TRY IT =>
Copy exactly the lines of the records below, and only those lines, beginning with the line that contains "and the army" and ending with the line that contains "Beth Mooney, Richa".

INFORMATION PROVIDED =>
-- Opening Marker --
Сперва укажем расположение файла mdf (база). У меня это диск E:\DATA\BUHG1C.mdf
-- Closing Marker --
-- Opening Marker --
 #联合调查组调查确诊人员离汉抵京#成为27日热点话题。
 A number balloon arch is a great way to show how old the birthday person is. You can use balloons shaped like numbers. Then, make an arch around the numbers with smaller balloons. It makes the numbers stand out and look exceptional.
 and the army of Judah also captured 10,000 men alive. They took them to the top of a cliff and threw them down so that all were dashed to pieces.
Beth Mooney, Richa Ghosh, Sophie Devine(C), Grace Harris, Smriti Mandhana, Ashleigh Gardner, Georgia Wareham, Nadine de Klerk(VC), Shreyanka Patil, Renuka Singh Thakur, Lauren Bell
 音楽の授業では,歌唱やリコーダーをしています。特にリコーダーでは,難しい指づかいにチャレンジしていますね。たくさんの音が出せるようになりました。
-- Closing Marker --
RESPONSE AREA =>
 and the army of Judah also captured 10,000 men alive. They took them to the top of a cliff and threw them down so that all were dashed to pieces.
Beth Mooney, Richa Ghosh, Sophie Devine(C), Grace Harris, Smriti Mandhana, Ashleigh Gardner, Georgia Wareham, Nadine de Klerk(VC), Shreyanka Patil, Renuka Singh Thakur, Lauren Bell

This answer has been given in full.